▶ _WHAT IS BEING ASKED_:
Every line of the listing belongs in your answer exactly as written; the images do not.

▶ _DATASET EXCERPT_:
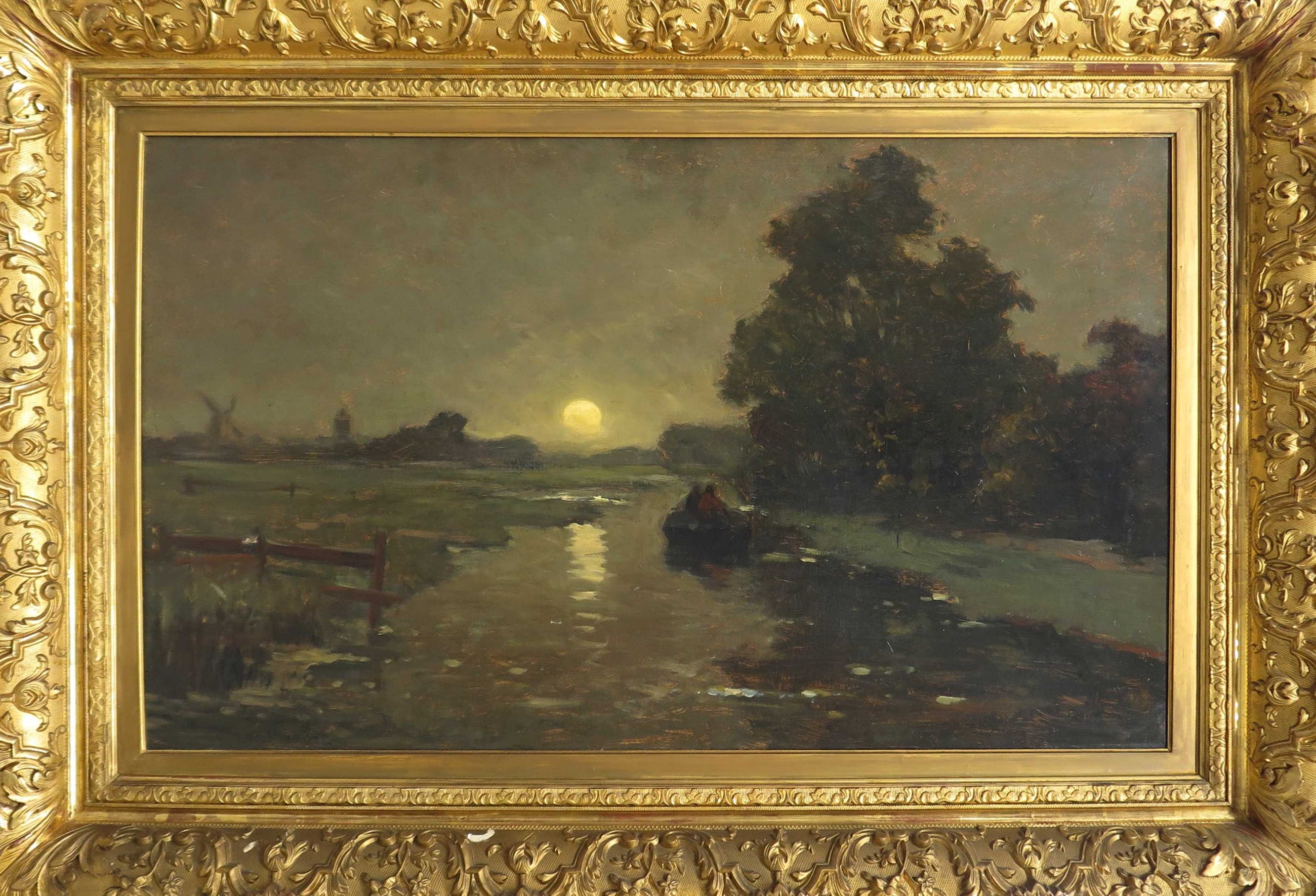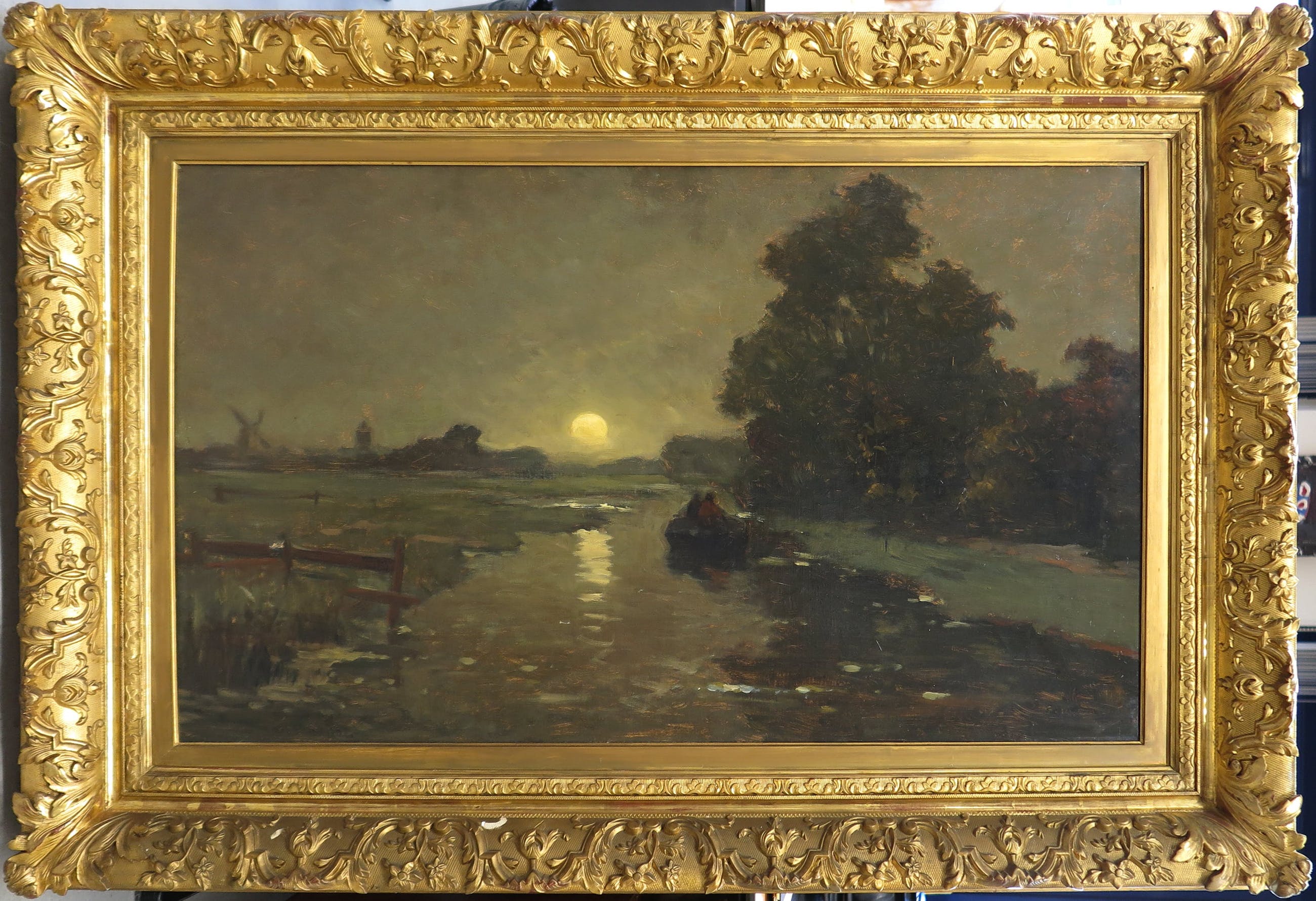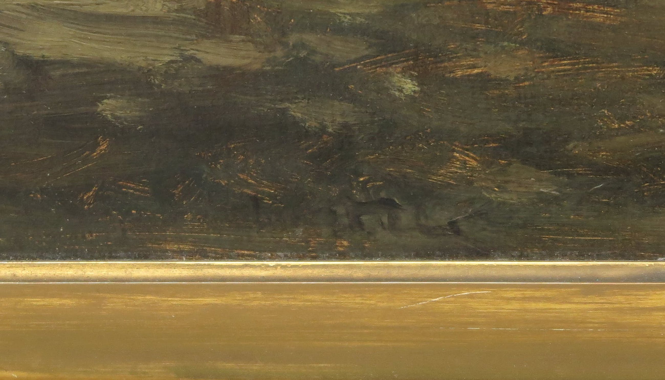 Groot schilderij in zeer zware lijst. Olieverf op canvas. Doordat de signatuur is vervaagd is ons helaas niet bekend wie de maker is. Maar het is van zeer goede kwaliteit.
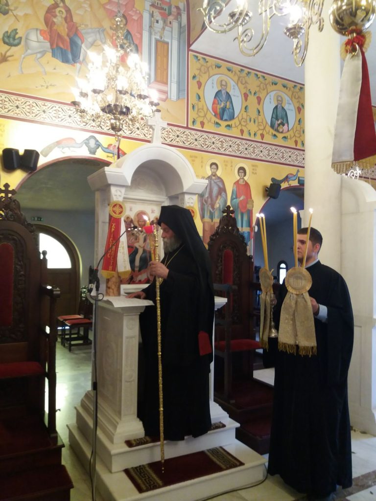Στο τέλος της ακολουθίας, ο Σεβασμιώτατος απηύθυνε σύντομο λόγο προς το εκκλησίασμα, αναφερόμενος στο πρόσωπο της Υπεραγίας Θεοτόκου, με αφορμή την εορτή της Ζωοδόχου Πηγής, η οποία εορτάστηκε το πρωί της ιδίας ημέρας, τονίζοντας την διαρκή παρουσία και προστασία της Παναγίας στη ζωή των πιστών.
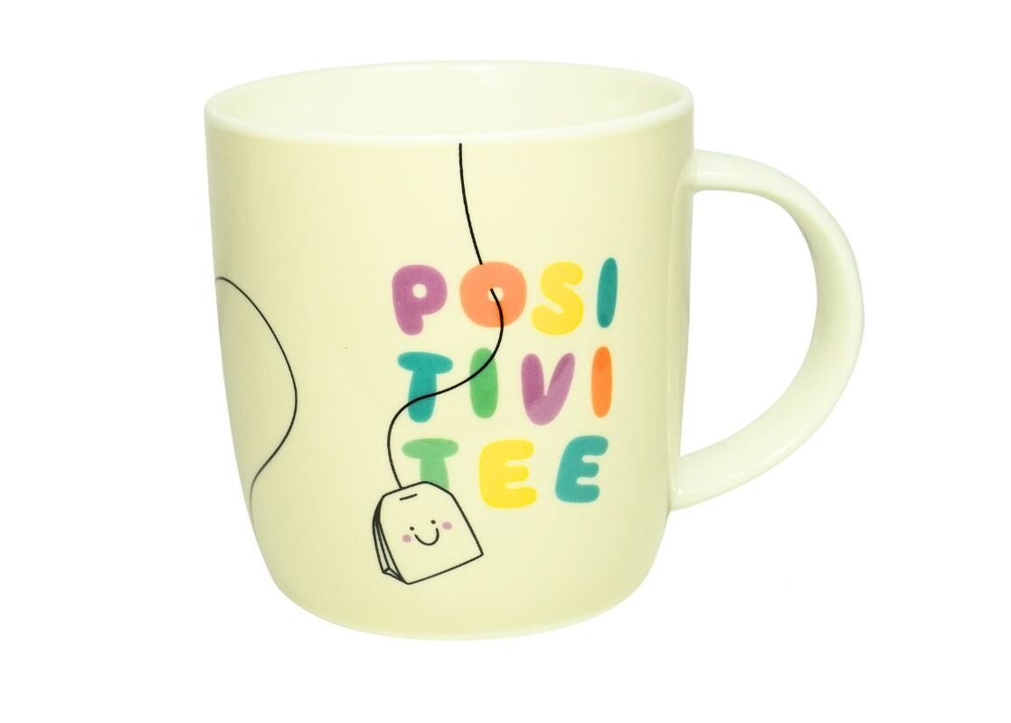 Grafik Werkstatt Henkelbecher Kaffeebecher Sprüchetasse POSI TIVI TEE
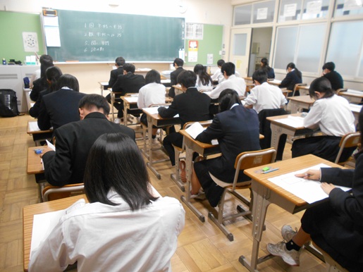 本校では、1・2時間目に国語と数学の調査を実施し、午後には英語の調査を行いました。生徒たちは、これまでの学習の成果を発揮しようと、真剣な表情で問題に取り組んでいました。

▶ _TASK RESULT_:
 Groot schilderij in zeer zware lijst. Olieverf op canvas. Doordat de signatuur is vervaagd is ons helaas niet bekend wie de maker is. Maar het is van zeer goede kwaliteit.
Στο τέλος της ακολουθίας, ο Σεβασμιώτατος απηύθυνε σύντομο λόγο προς το εκκλησίασμα, αναφερόμενος στο πρόσωπο της Υπεραγίας Θεοτόκου, με αφορμή την εορτή της Ζωοδόχου Πηγής, η οποία εορτάστηκε το πρωί της ιδίας ημέρας, τονίζοντας την διαρκή παρουσία και προστασία της Παναγίας στη ζωή των πιστών.
 Grafik Werkstatt Henkelbecher Kaffeebecher Sprüchetasse POSI TIVI TEE
 本校では、1・2時間目に国語と数学の調査を実施し、午後には英語の調査を行いました。生徒たちは、これまでの学習の成果を発揮しようと、真剣な表情で問題に取り組んでいました。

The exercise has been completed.